Ich würde mich wirklich wundern, wenn Sie den folgenden Zustand nicht kennen: Sie gehen spazieren, wollen sich endlich mal etwas erholen, aber der Kopf arbeitet, will einfach nicht all das loslassen, was ihn schon seit Stunden, nein seit Tagen beschäftigt. Für das Spazierengehen können Sie wahlweise auch den geliebten Hausputz, die Geburtstagsfeier bei einem Ihrer Freunde, den Kinobesuch oder auch etwas anderes einsetzen. Sie haben ja so Ihre eigenen Erfahrungen!

(Diese werden Sie vermutlich grinsen lassen, wenn Sie den Ausspruch vom ollen Lincoln lesen. Vielleicht grinsen Sie aber auch nicht, und das könnte ich gut nachvollziehen, denn es ist ein furchtbarer Zustand, wenn man aus der Gedankenmühle nicht mehr raus kommt.) Und da hat der Lincoln schlichtweg nur gut reden!
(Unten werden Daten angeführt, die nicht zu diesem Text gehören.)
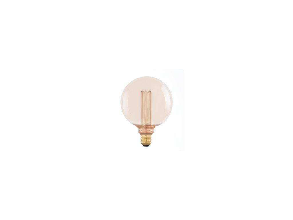 LED žárovka vintage filament GOLD s paticí E27 se skleněnou baňkou tvaru G125 v jantarové barvě o příkonu 4W, žárovku, svítí příjemně rozptýleným úsporným teplým světlem 1800 K se světelným tokem 170 lm.

Sooooooo einfach ist es nun auch wieder nicht!!! ABER: DAS ENTSPANNEN IST ERLERNBAR, UND DAS MACHT HOFFNUNG!

Nutzen Sie die in der Klinik angebotenen Möglichkeiten, Entspannungstechniken kennen zu lernen. Finden Sie heraus, was IHNEN gut tut!

Viel Erfolg!


Thalasso-Therapie

Na ja, die Therapiebezeichnung hört sich mächtig wissenschaftlich und kompliziert an. "Thalassa" bedeutet in der griechischen Sprache "Meer", und davon ist die Bezeichnung für die Therapie auch abgeleitet.
Die Thalasso-Therapie muss also irgendetwas mit der Ostsee zu tun haben, denn am Ufer derselben befindet sich ja die Klinik.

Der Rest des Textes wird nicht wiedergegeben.